What would the world be like if there were 2.7B people (as when I was born) instead of 8 or 10B? Is there really any doubt that they would, on average, be a lot better off? Is there any doubt that the planet would be better off? We wouldn’t be in so dire a climate crisis, for starters. Average living standards would be higher, reducing the principal pressure on political unrest. To be sure, such a different socio-economic configuration of humanity would present other problems, but it’s hard to see them as dire and deep as our current situation.
This is perhaps the ultimate example of the “tragedy of the commons,” a phenomenon articulated in the 19C (although probably known de facto by ordinary folks for much longer) which gained currency in the mid 20C as the expression of the economic practice of the overuse of a free shared resource. It turns out, that use of fresh air and water are part of the “commons” and most modern societies at least aspire to include access to energy and a “good” standard of living in the list, as well. For each parent/family, there are, of course real costs to raising a child. But the expectation that each new person has a “human right” to air/water/power/subsistence effectively places a tax on the society’s supply of those resources over which the society has no direct control. Thus, we now understand that the scope and complexity of the “commons” is much greater than we accounted for so far. This tension is then expanded on a global basis.
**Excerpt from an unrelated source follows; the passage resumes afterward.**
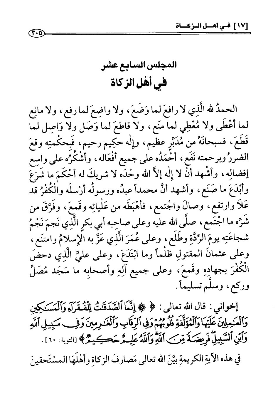المجلس السابع عشر: في أهل الزكاة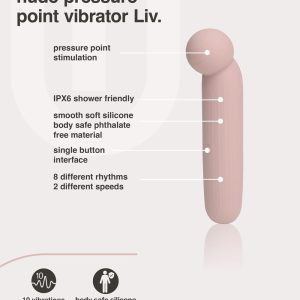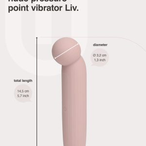 Wyrafinowana Liv może wprowadzić użytkowników w świat rozkoszy. Elastyczny wibrator punktowy w delikatnym, pudrowym różu sprawi przyjemność podczas użytkowania w pojedynkę i może być ulubieńcem pary. Dzięki wszechstronnemu kształtowi kuli u góry i elastycznej konstrukcji, Liv jest idealnym towarzyszem precyzyjnej stymulacji przy zmiennym nacisku i luksusowych masaży.

The combination of a sense of global “equal rights” with the realization that there are limits to what the planet can support, means that we each share a responsibility for achieving a sustainable level of human population. Another way of looking at this is to recognize that the benefits of children are presumed to be predominantly private (i.e., they accrue to the individual child/person and its family), but there are significant public/shared costs (i.e. economic externalities).
On the other hand, attempts by governments to manage their populations date to the 19C, as well. French anxiety over being overtaken by Germany in the late 19C is perhaps the best-known example, leading to wide-spread debate and a range of government pro-growth policies. In the 20C, many countries provide tax or other benefits to subsidize children. More recently, China imposed a 1-child limit for decades beginning in the late 20C (now reversed). There is no sense that these governmental policies considered the global resource implications. Indeed, in an increasingly democratic age, procreation is usually seen as an essential component of personal freedom (certain portions of the US notwithstanding). I suspect there is also an unspoken assumption that countries with the most people will have a bigger voice in global affairs; an incentive for growth to be sure.
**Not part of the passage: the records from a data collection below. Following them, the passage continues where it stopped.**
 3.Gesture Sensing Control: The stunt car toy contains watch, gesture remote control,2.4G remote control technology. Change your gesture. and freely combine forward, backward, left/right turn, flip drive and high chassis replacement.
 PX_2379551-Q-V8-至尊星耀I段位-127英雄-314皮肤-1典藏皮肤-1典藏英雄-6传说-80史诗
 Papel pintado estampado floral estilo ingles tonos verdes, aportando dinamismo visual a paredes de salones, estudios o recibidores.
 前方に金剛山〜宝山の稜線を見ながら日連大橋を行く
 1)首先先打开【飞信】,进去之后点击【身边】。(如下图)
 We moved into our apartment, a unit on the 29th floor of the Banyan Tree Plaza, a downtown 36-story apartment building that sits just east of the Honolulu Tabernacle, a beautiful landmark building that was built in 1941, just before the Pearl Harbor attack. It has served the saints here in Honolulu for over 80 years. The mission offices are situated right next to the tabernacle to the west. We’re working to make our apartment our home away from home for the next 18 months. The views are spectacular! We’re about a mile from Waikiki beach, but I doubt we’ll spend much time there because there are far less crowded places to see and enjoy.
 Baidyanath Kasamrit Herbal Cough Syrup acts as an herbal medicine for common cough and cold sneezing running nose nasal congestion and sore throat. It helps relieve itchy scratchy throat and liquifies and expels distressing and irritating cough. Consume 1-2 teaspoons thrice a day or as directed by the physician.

So, this presents a real and significant quandary. How to balance overarching issues of global inequality/justice, national economic growth/opportunity, and the impact of additional people on the planet? Western countries (which have already generally stopped growing) are in no moral position to demand less developed countries to reduce their population. Indeed, those less developed countries generally don’t have strong enough states to implement such a policy in any event. Overall, we face the conundrum that everyone would be better off with fewer people but there are no means to get there.
In saying this, I am rejecting the approach of some who think we are better off with more people. William Macaskill, noted Oxford philosophy don, takes this stance in his recent book “What We Owe the Future.” He makes a pretty good case for explicitly expanding the scope of our moral responsibility to include the many billions of people yet to come. He is well-attuned to the climate problem, but argues that more people means more brains means better solutions to our problems. I guess that this is true in the abstract, but not in the middle of a long-term resource crisis. Nor am I enamored with the faith in techno-solutions this seems to imply. Most broad human problems arise not because of lack of ideas, but due to a lack of will to implement the perfectly sensible solutions already on offer.
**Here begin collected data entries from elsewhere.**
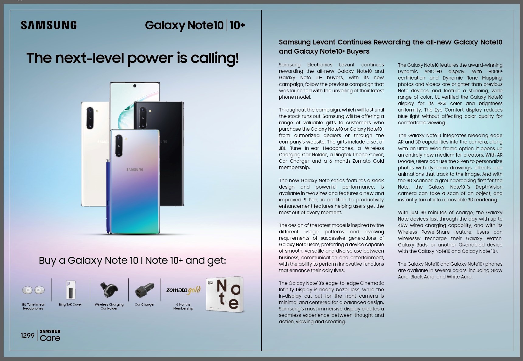 (عمّان، 10 كانون الأول 2019): تواصل شركة "سامسونج إلكترونيكس" المشرق العربي مكافأة مشتري هاتفها الجديد كلياً Galaxy Note 10، بطرازيه، الطراز الأساسي Note 10، وطراز Note 10+، وذلك مع حملتها التقديرية الجديدة، التي تستكمل بها الحملة السابقة التي ترافقت مع طرح الهاتف.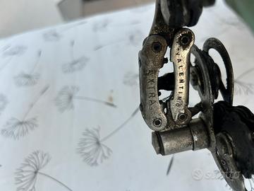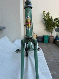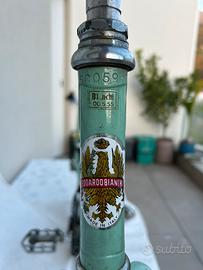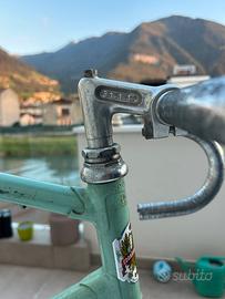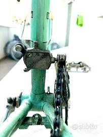 Bianchi da corsa vintage anni ’60/’70 – originale Campagnolo Descrizione: Vendo bici da corsa d’epoca Bianchi, colore originale celeste Bianchi, completa di componentistica coeva. Un pezzo autentico di storia del ciclismo italiano, ideale per collezionisti, appassionati di vintage o per chi vuole un progetto di restauro. Caratteristiche principali: •Marca: Bianchi •Periodo: fine anni ’60 – primi anni ’70 •Telaio in acciaio con congiunzioni saldobrasate (numerazione originale visibile: 00555) •Colore: celeste Bianchi originale •Cambio posteriore: Campagnolo Valentino Extra •Deragliatore anteriore: Campagnolo •Guarnitura: in acciaio originale Bianchi •Attacco manubrio: 3ttt (Tecno Tubo Torino) •Pedali vintage in ferro/alluminio •Sterzo e serie sterzo marchiati Italy •Stemma frontale smaltato “Edoardo Bianchi – Made in Italy” •Condizioni: da restauro, telaio sano senza crepe o rotture, vernice vissuta, componenti originali presenti. Nota bene: La bici è venduta come vista e piaciuta, nello stato attuale. Ottima base per restauro filologico o per allestimento da collezione.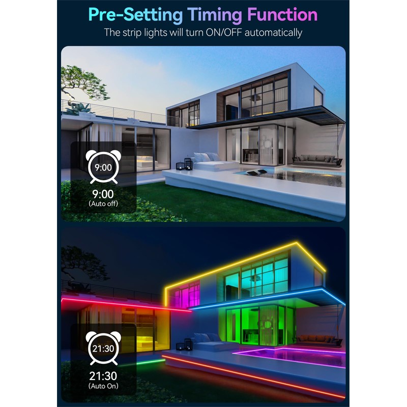 - 【DIY Lighting Effect】Tuya app can DIY individual color segments. You can add all your favorite colors to the led strip lights (for example: red, white, blue), and choose a mode you like (for example: Rianbow, Gradient, jump flash, etc.)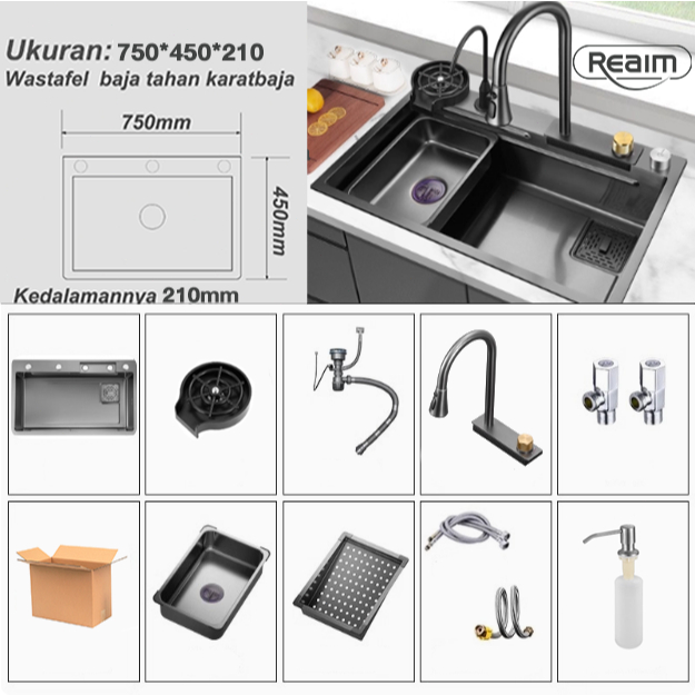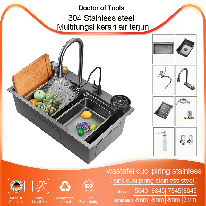 Wastafel Cuci Piring Stainless 3MM Stainless Steel Kitchen sink Modern Kitchen Sink Bak Cuci Piring Stainless Hitam cuci

Of course, in the real world, the issue is not merely comparing where we are now with some lower level of population, but how we are going to get from A to B. In the Book of Exodus, God smites down the first-born of each Egyptian family. That’s one approach. The Bible also refers to the Four Horsemen of the Apocalypse as heralding the “End Times.” That’s another. I think some version of this—war, plague, or famine caused by direct human action or climatic effects—is actually the most likely. Finally, unforced attrition is certainly possible. Even the lowest UN projection of population by 2100 sees the planetary total peaking at 8+B by 2060 and then dropping to 6+B by the end of the century. One way or another, the next 100 years is likely to see dramatic changes in population levels with profound implications for economics/capitalism/climate/geopolitics. Sitting here early in the 21C, we can only guess at how that future world will approach the tensions described here. All sorts of SciFi scenarios come to mind; ranging from the “Hunger Games” to “Logan’s Run” to various birth licensing schemes.
Humans have freely reproduced for millennia without consideration of the planet or their fellows. This is likely to change—one way or another—in the future; but social inertia will likely push that future out to a point that we can’t quite see yet.